17 Mayıs 1639 tarihinde Kasr-ı Şirin Antlaşması ile İran ve Osmanlı Devleti Kürdistan’ı iki parçaya böldü.
Çok az değişiklikle Türkiye-İran sınırını belirleyen antlaşmanın, Kürt ve Kürdistan tarihi açısından çok daha derin ve önemli bir anlamı vardır. Kürtler olmadan bir Kürdistan haritası çizilmiştir.
Geçmişte muhtar ya da yarı-muhtar (otonom) yaşayan Kürt mirlikleri, bu antlaşmayla bağımlı duruma gelmiştir. Bu antlaşmadan sonra Osmanlı’nın Kürt mirliklerine ihtiyacı kalmamıştır. Mirlikleri etkisizleştirerek ortadan kaldırma politikası izlemiştir.19.yy’ın ortalarında, en son Yezdan Şér ayaklanmasının bastırılmıştır ve artık Beylikler için 600 yıllık süreçte bir baş aşağı gidiş dönemi başlamıştır.
Bu anlaşmadan sonra Ezidilere dönük katliamlar artmıştır. Yerel güçler Safavi ve Osmanlılar tarafından kullanılmıştır. Kürtlerin belleğinde de büyük yaralara yol açmıştır. Bugün Alevilerin biz Horasan’dan geldik demesinin altında yatan nedenlerden biri de Kasrı Şirin anlaşmasıdır.
Bu antlaşmadan önce büyük bölümü Safeviler’e bağlı olan Dêrsim ve Doğu Kürdistan’daki Kızılbaş ve Yaresan Kürt topluluklardan, geçmişte Horasan’da mecburi iskâna tabi tutulan on binlerce aile, bu antlaşmayla sınırların yeniden belirlenmesi ile eski yerlerine geri dönmüşlerdir. Yani “Horasan’dan gelme” hikâyesinin altında bu göç hareketi yatmaktadır.
Dr.
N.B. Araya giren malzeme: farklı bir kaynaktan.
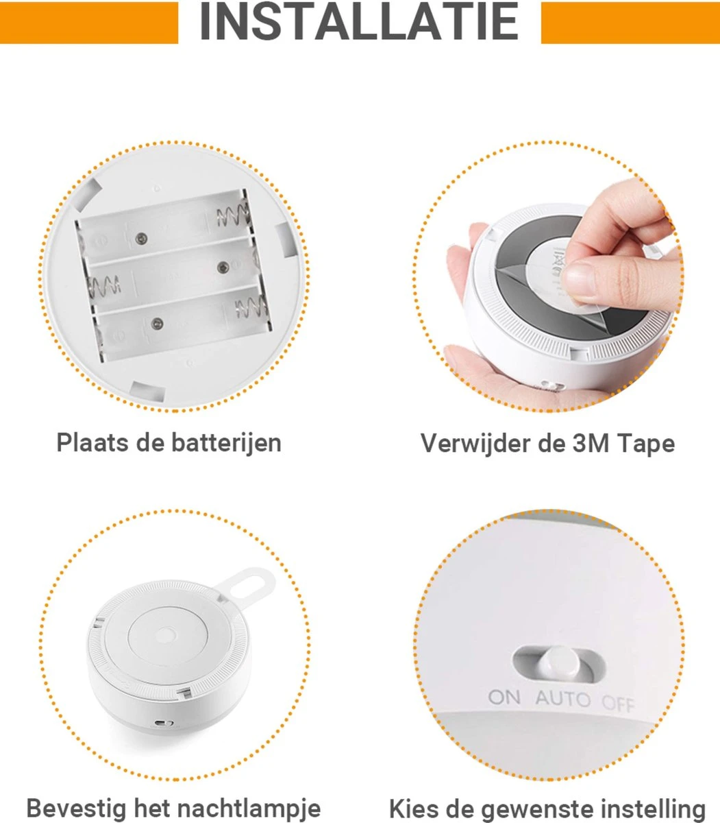 Het nachtlampje heeft een PIR sensor (Passief Infrarood Sensor) deze sensor reageert op beweging en warmte. Zodra je in het detectie bereik komt van 120° schakelt de verlichting automatisch aan. Schakelt automatisch uit na 15 seconden.
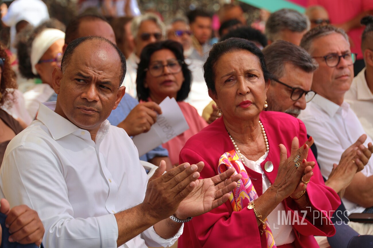 Dans sa prise de parole, la députée Karine Lebon a également pointé du doigt l'opposition. "Il faut être clair, deux visions s'opposent dans cette élection : ceux qui se présentent comme des candidats mais qui n'ont pas l'intention de travailler pour la population, ils préfèrent les petits calculs et les promesses sans lendemain", dit-elle, visant Cyrille Melchior.
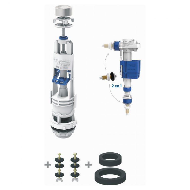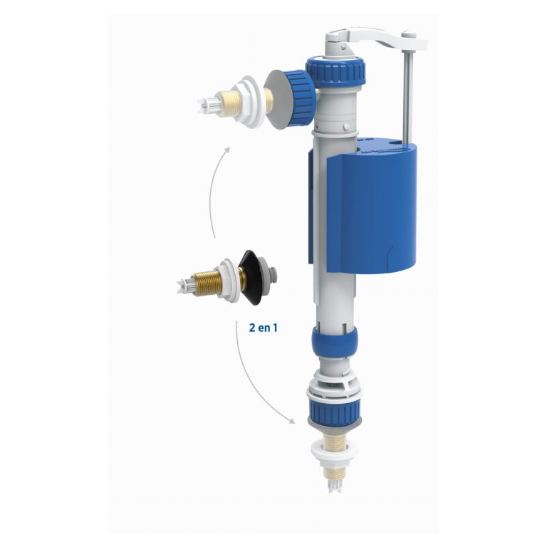 El grifo flotador compacto de alimentación lateral o inferior Dúo Servo orientable de Idrospania, dispone de diferentes montajes para configurarse de una forma u otra y está fabricado con polímeros
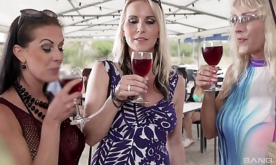 Horny shameless bikini bitches twerk their backsides during outdoor party
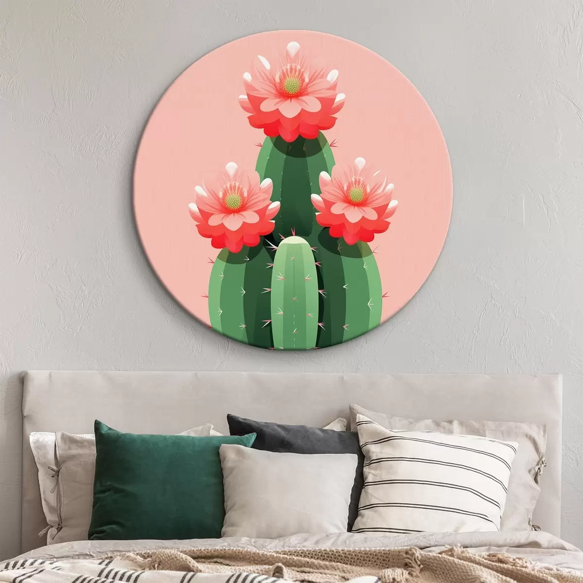 Okrągły obraz Kwitnący kaktus w doniczce Nr r43996
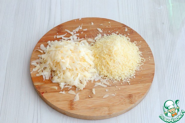Пармезан и голландский сыр натереть на терке, перемешать.
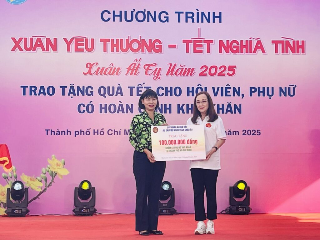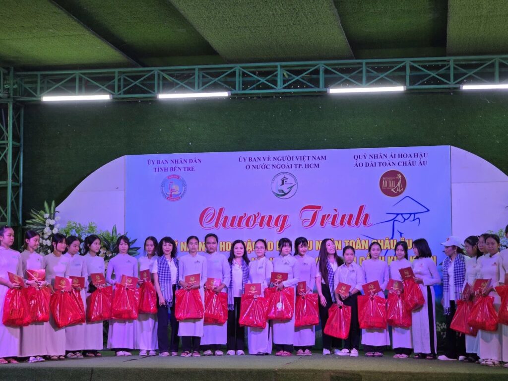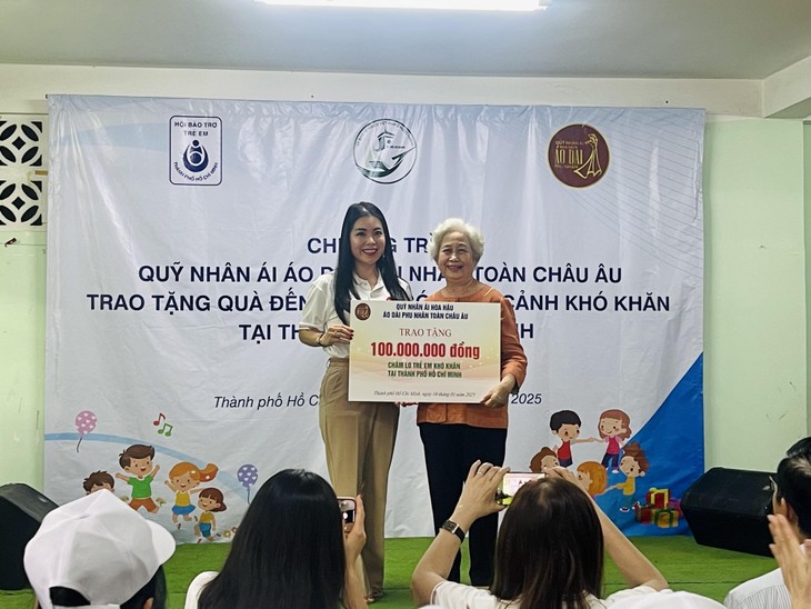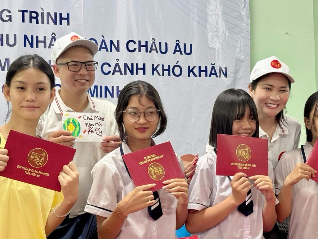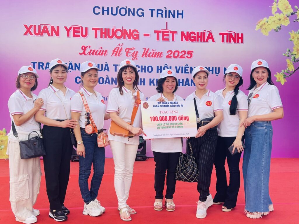 Trong ngày 16,17/1/2025 đoàn kiều bào là các thành viên của Quỹ nhân ái - Hoa hậu Áo dài phu nhân toàn châu Âu bắt đầu hành các hoạt động trong hành trình thiện nguyện “Xuân an vui 2025”. Đoàn đã trao tặng 350 triệu đồng và những món quà Tết cho các em nhỏ và phụ nữ nghèo TPHCM và Bến Tre.
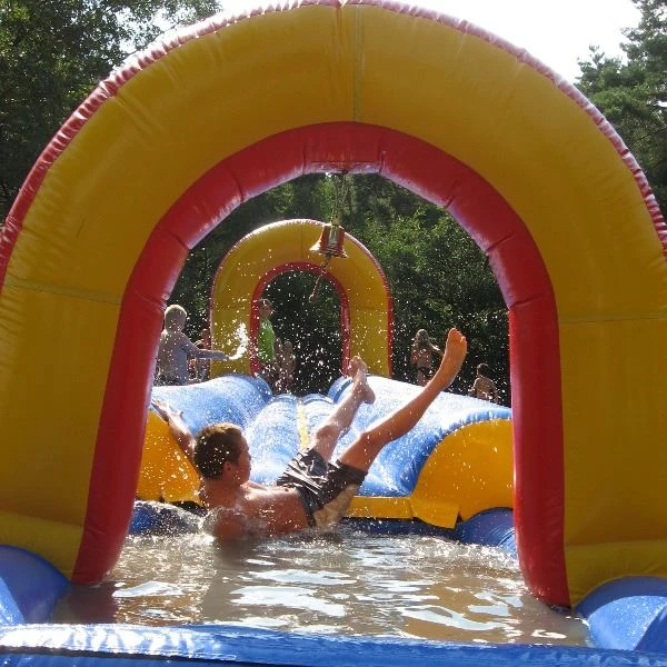 Twee personen kunnen tegelijk racen over de glijbaan richting het verfrissende zwembad aan het einde. Een topactiviteit voor zonnige dagen!
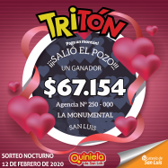 ¡Un ganador del pozo del Tritón en San Luis!   En el sorteo Nocturno Nº 3806 del día miercoles 12 de febrero, hubo un ganador del pozo del Tritón. El afortunado jugo en la Agencia Nº 250-000 "La Monumental" , de San Luis y se llevo el pozo acumulado de $67.154   ¡¡ FELICITACIONES AL GANADOR!
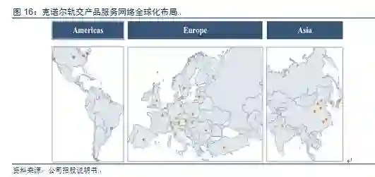 轨交产品领域:克诺尔在全球共拥有36个由公司直营的轨交产品服务中心,这些产品服务中心可以在同一个地点完成维修和保养工作。此外,克诺尔在全球共拥有20个位于客户集中区域的服务站点以提供适应当地市场需求的全方位的支持。
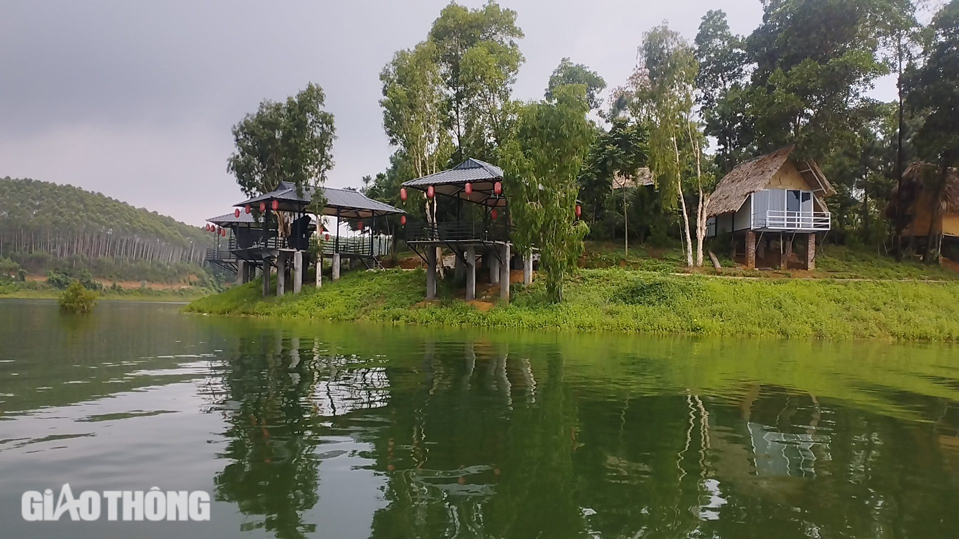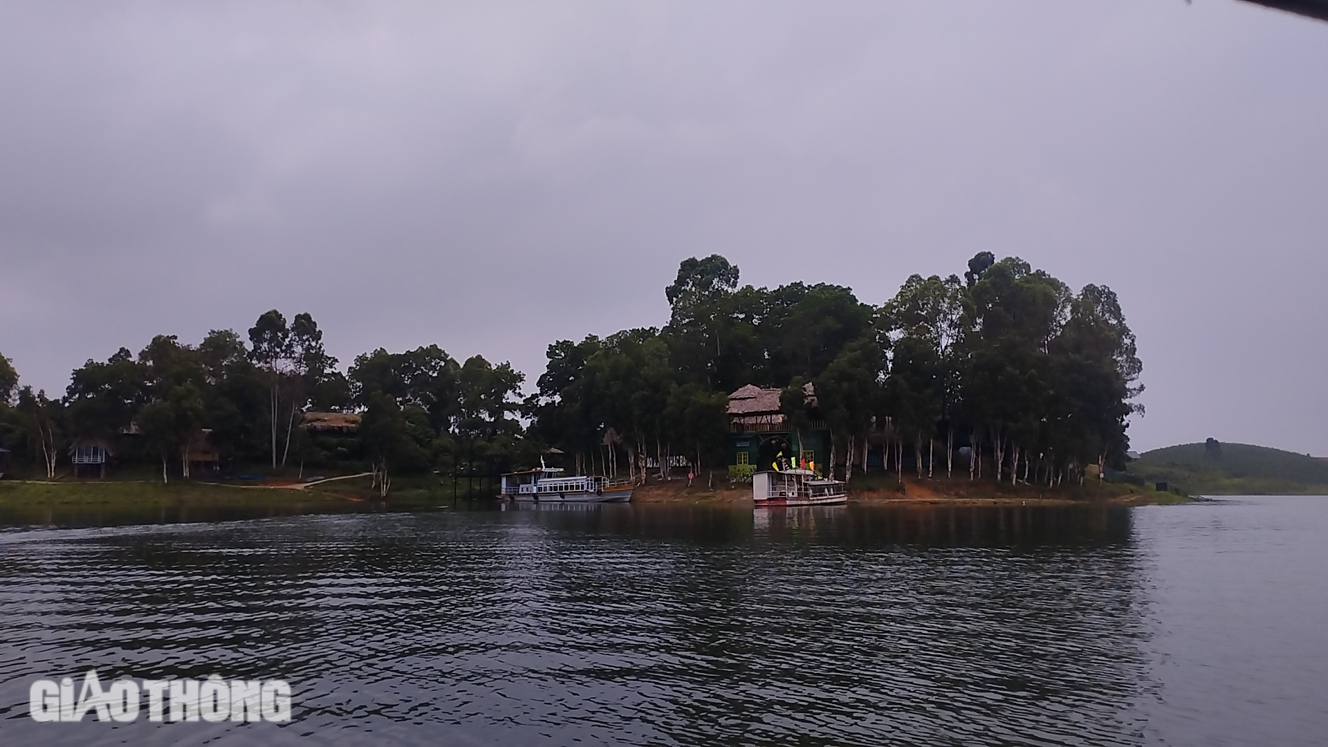 Nhóm người của Công ty S.B (trụ sở tại huyện Lục Yên, tỉnh Yên Bái) đến hồ Thác Bà chơi mô tô nước, kéo theo phao bơm hơi (do nhóm người của công ty tự mang theo), cách khu vực khu du lịch Đảo Xanh 30m. Theo tìm hiểu của PV Báo Giao thông, khu du lịch Đảo Xanh đang được xây dựng không phép trên đất rừng trồng khoảng 1,8ha.

Abdulrahman Qasimlo, Kürdistan ve Kürt kitabında Kasr-ı Şirin Antlaşması ile ilgili şunları yazmıştır; “Bu antlaşma, Kürt halkının tüm geleceğine müdahale eden ve Kürt tarihi açısından büyük bir felaketti.”
Kurdistan, 1639 tarihinde imzalanan Kasr-ı Şirin atlaşması ile ikiye, 24 Temmuz 1923 tarihinde imzalanan Lozan Antlaşması ile birlikte dörde parçalanmıştır.